The sum of all cube edges is 30cm. Find the surface area of the cube.
How high is the airplane's pilot to see 0.001 of Earth's surface?
- Rectangular cuboid
The rectangular cuboid has a surface area 5334 cm2, its dimensions are in the ratio 2:4:5. Find the volume of this rectangular cuboid.
- Cone A2V
Surface of cone in the plane is a circular arc with central angle of 126° and area 415 cm2. Calculate the volume of a cone.
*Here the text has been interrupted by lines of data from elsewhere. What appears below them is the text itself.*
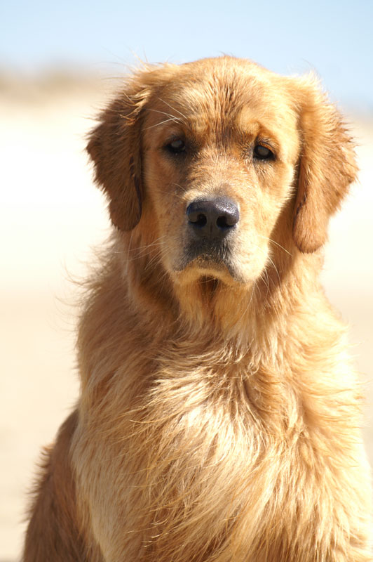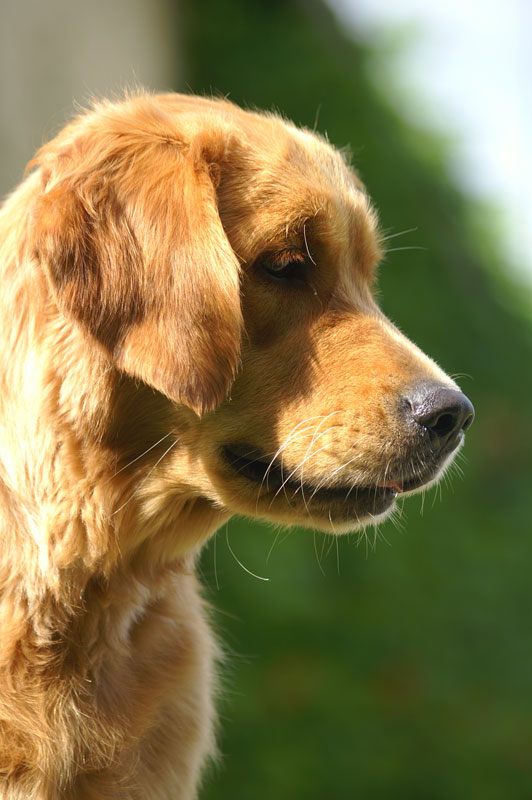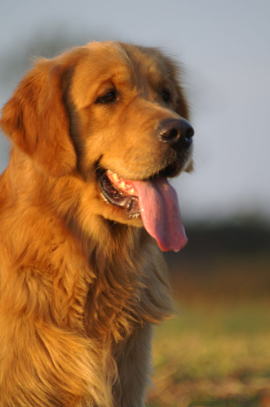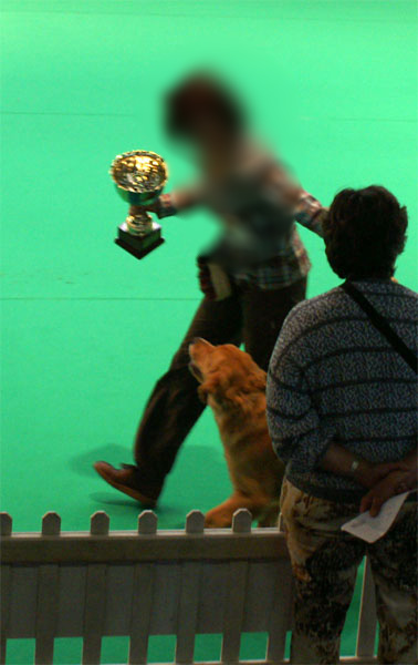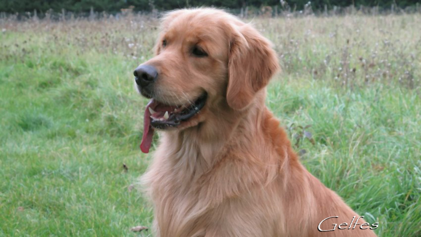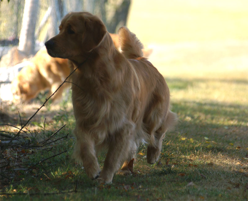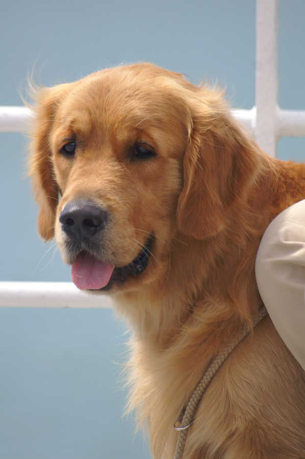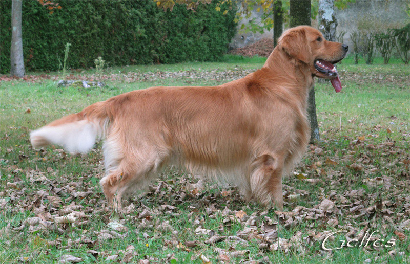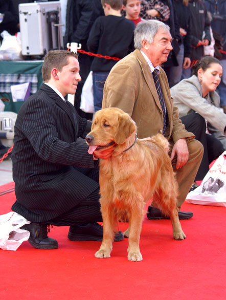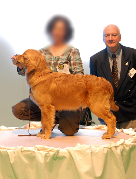 Rich gold quality dog. Well presented and handled, well proportionned through out Good level topline. Nice shapped dog eye - like lack of noze pigment does detract from his expression. Good broad thighs.
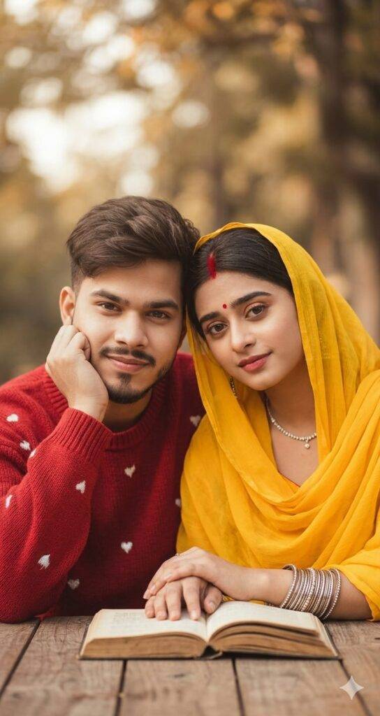 A warm, cinematic portrait of a young Indian couple sitting at a rustic wooden table outdoors. The man on the left is wearing a textured red sweater with small white heart embroidery, sporting a well-groomed beard and a modern fade hairstyle with a side-swept quiff. The woman on the right is wearing a vibrant yellow traditional dupatta draped over her head, featuring a red bindi and sindoor on her forehead, adorned with silver bangles and a delicate necklace. They are leaning in close together, their hands resting gently on an old book placed on the table. The background is a soft, creamy bokeh of autumn trees with warm, natural sunlight. High-detail skin textures, soft lighting, 8k resolution, romantic and serene atmosphere.
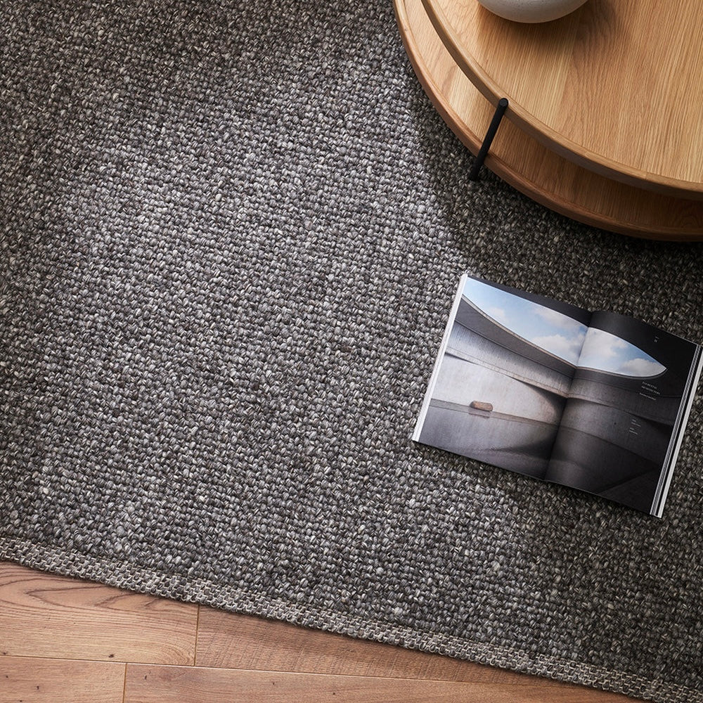 Create a timeless living space with the with the beauty of this wool-blend floor rug in muted charcoal. Handwoven in a simple 1-1 weave, the Nebraska adds warmth and interest with its subtle mottled tones and versatile structure. A staple for contemporary living.
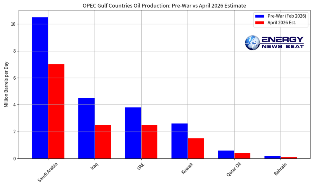 March 2026: Iraq, Saudi Arabia, Kuwait, UAE, Qatar, and Bahrain collectively shut in 7.5 million bpd of crude.
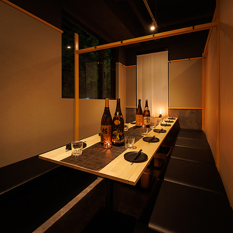 店内をすべて貸切って独占したような気分に!スタイリッシュな木目の引き戸を開けると広がる静かな空間は、接待や会社宴会、仲間との大切な飲み会にもピッタリ♪通路もゆったり、照明も優しく、プライベート感たっぷりの空間で、気兼ねなく楽しめる時間を演出します!お店をまるごと貸切って、特別な宴会を特別な空間で!
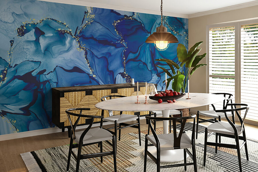 A superfície do papel de parede Economy é mate, enquanto todas as outras opções têm um acabamento acetinado.
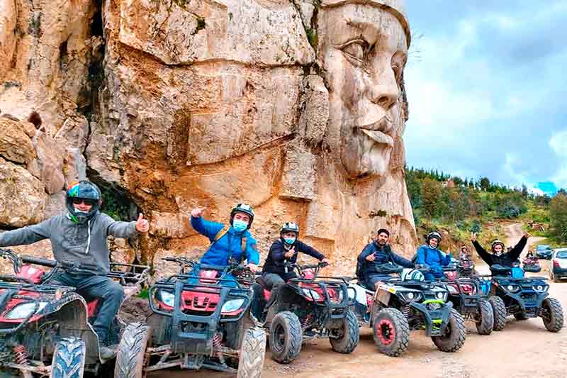 La ruta en cuatrimotos tiene la duración de 45 minutos y de 30 minutos de visita la MORADA DE LOS DIOSES, para poder apreciar las diversas esculturas hechas a mano, apreciando el paisaje natural y poder tomarse fotos.
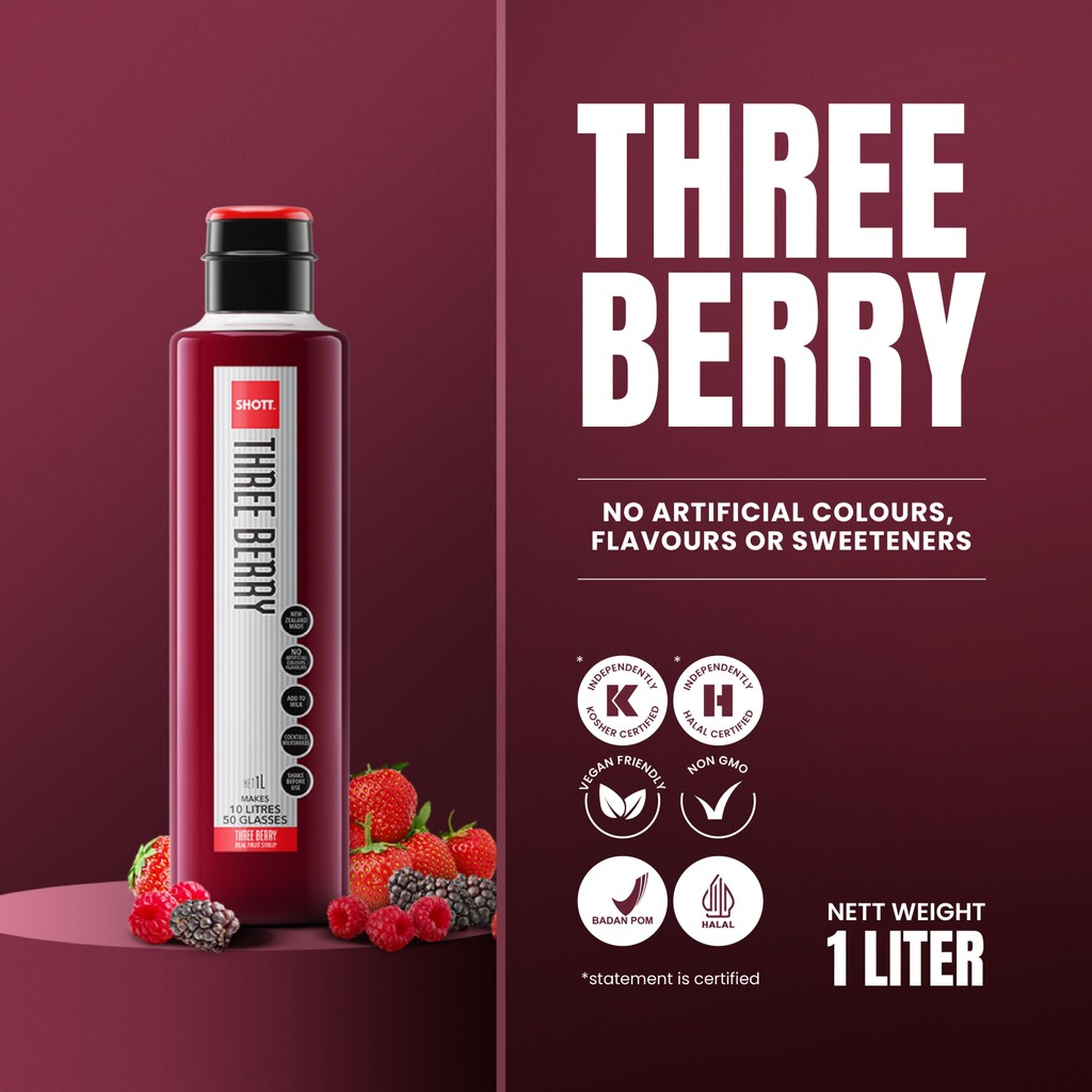 Perpaduan sempurna dari buah Boysenberi, Raspberi dan Stroberi yang bisa ditambah ke smoothie atau susu untuk minuman yang menyejukkan di siang hari. Campuran buah beri konsentrat ini adalah senjata rahasia yang dapat semua gunakan untuk saus masak, dalam marinade dan membuat kue!
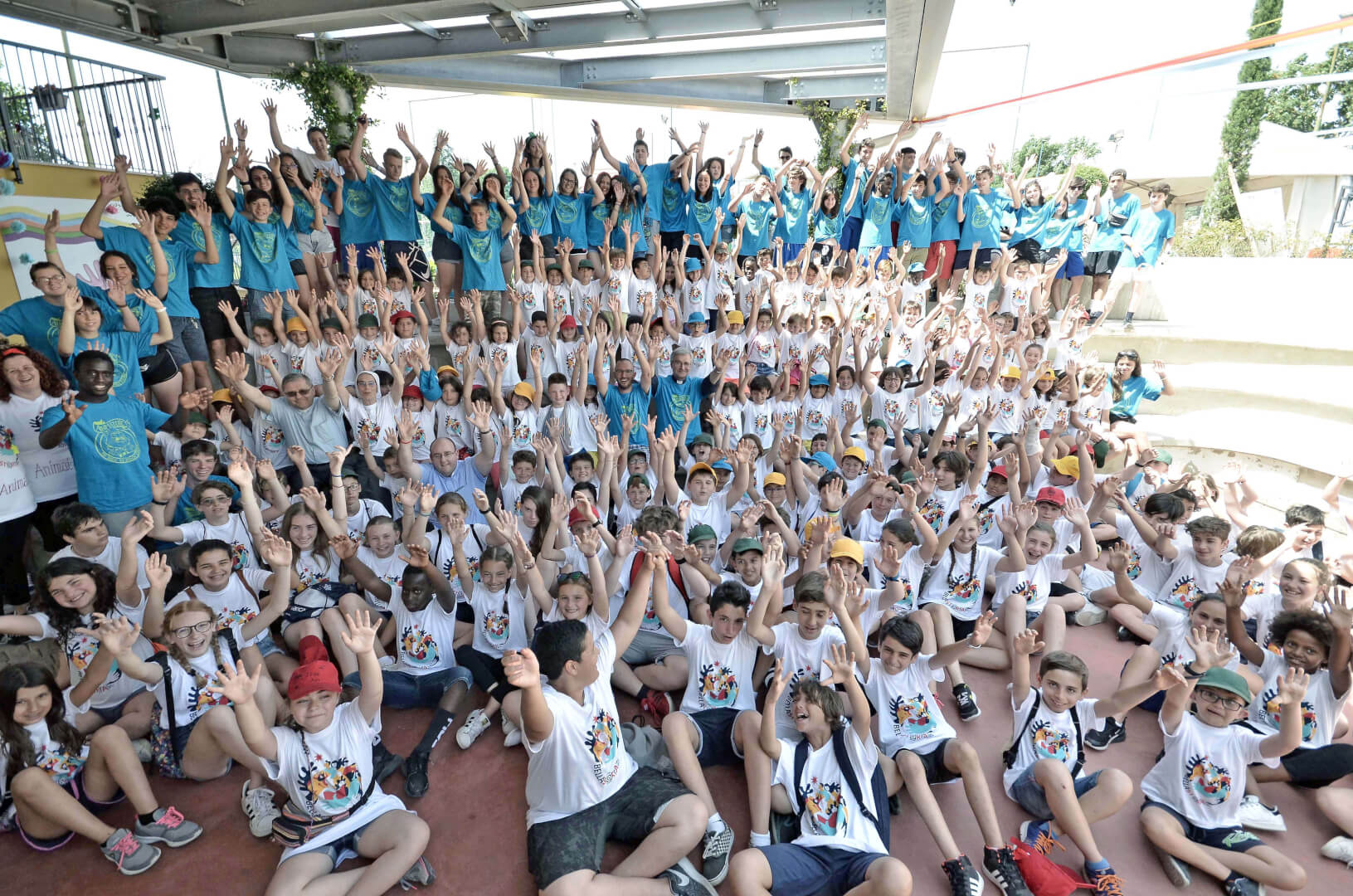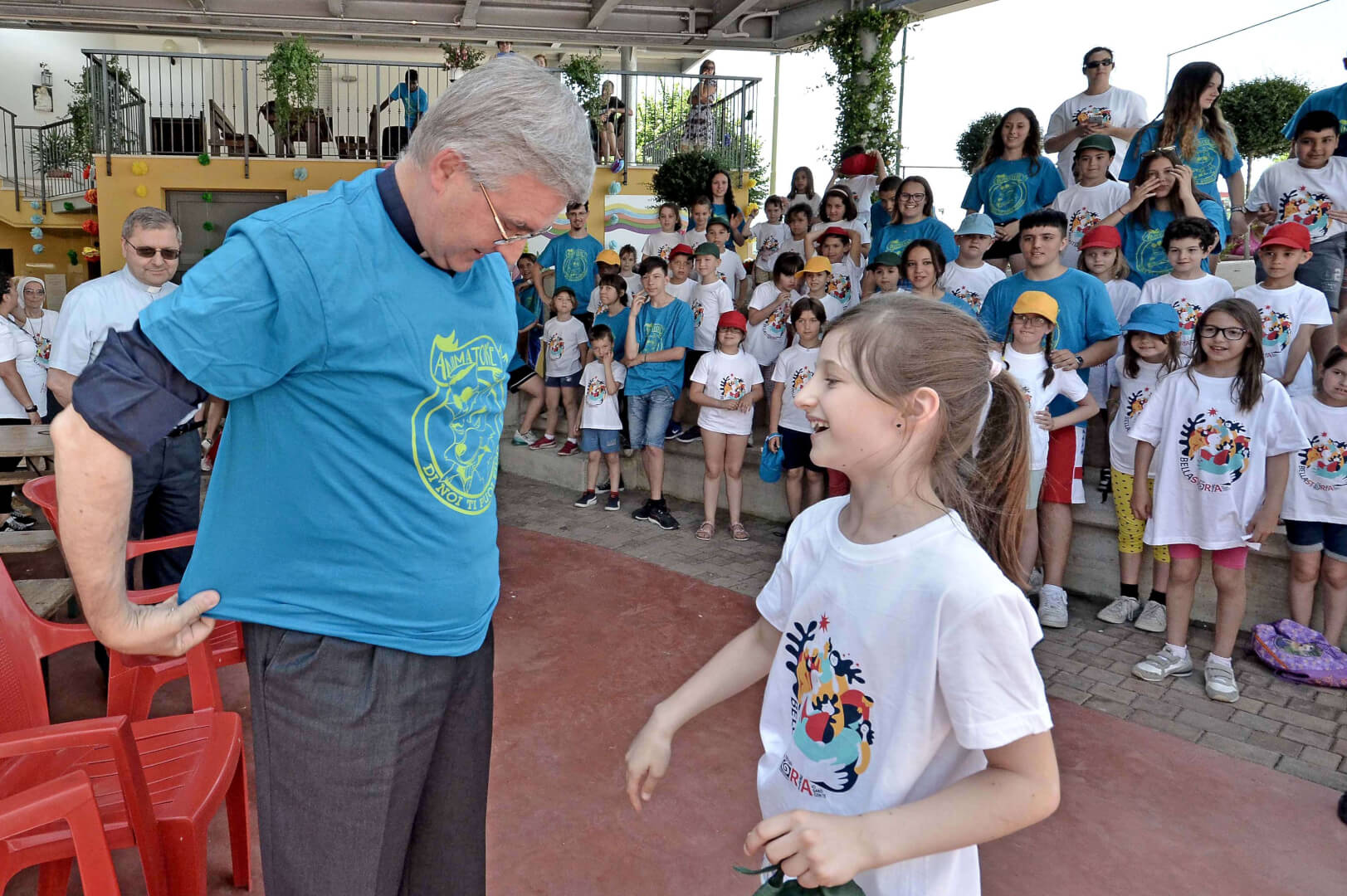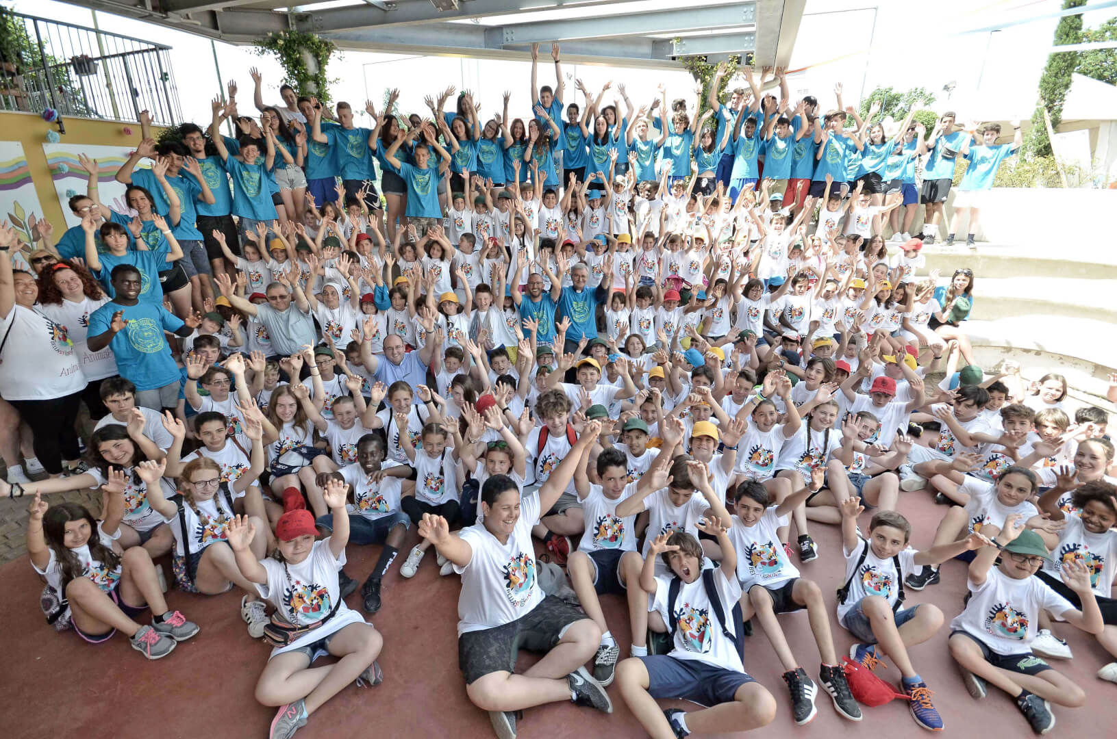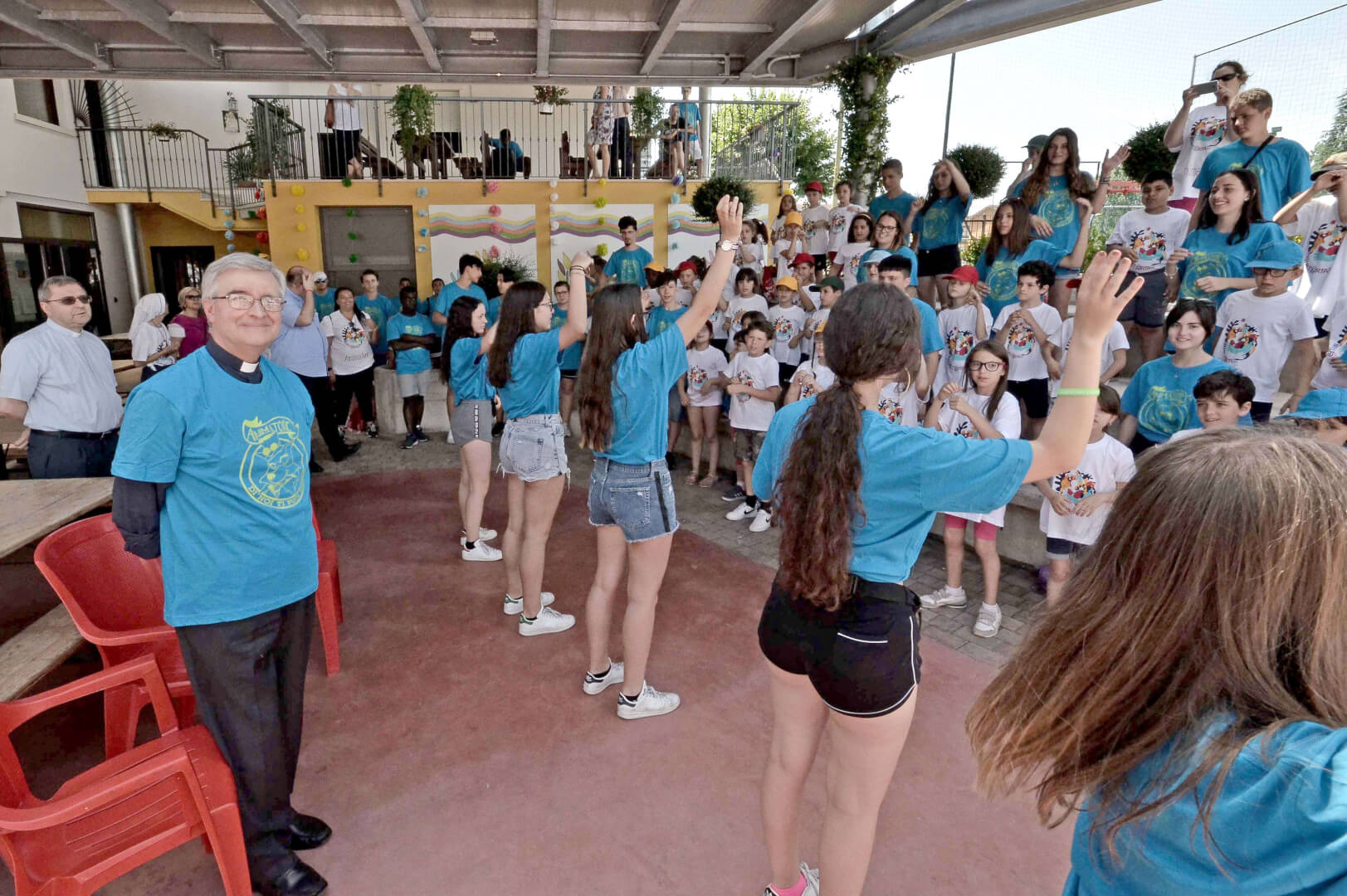 Tutta la grinta dei giovani dell'oratorio de "Le due Sante" per la visita del vescovo Pierantonio in occasione del grest

The cube has area of base 225 mm2. Calculate the edge length, volume and area of its surface.
- Prism X
The prism with the edges of the lengths x cm, 2x cm and 3x cm has volume 20250 cm3. What is the area of surface of the prism?
- Sphere A2V
Surface of the sphere is 241 mm2. What is its volume?
- Iron sphere
Iron sphere has weight 100 kg and density ρ = 7600 kg/m3. Calculate the volume, surface and diameter of the sphere.
- Nice prism
Calculate the surface of the cuboid if the sum of its edges is a + b + c = 19 cm and the body diagonal size u = 13 cm.
- Equilateral cylinder
Equilateral cylinder (height = base diameter; h = 2r) has a volume of V = 199 cm3 . Calculate the surface area of the cylinder.
- Angle of deviation
The surface of the rotating cone is 30 cm2 (with circle base), its surface area is 20 cm2. Calculate the deviation of the side of this cone from the plane of the base.
- Triangular pyramid
It is given perpendicular regular triangular pyramid: base side a = 5 cm, height v = 8 cm, volume V = 28.8 cm3. What is it content (surface area)?
- Prism - box
The base of prism is a rectangle with a side of 7.5 cm and 12.5 cm diagonal. The volume of the prism is V = 0.9 dm3. Calculate the surface of the prism.
- Above Earth
To what height must a boy be raised above the earth in order to see one-fifth of its surface.
- Volume and surface
Calculate the volume and surface area of the cylinder when the cylinder height and base diameter is in a ratio of 3:4 and the area of the cylinder jacket is 24 dm2.
- Cone container
Rotary cone-shaped container has a volume 1000 cubic cm and a height 12 cm. Calculate how much metal we need for making this package.
Aviator sees part of the earth's surface with an area of 200,000 square kilometers. How high he flies?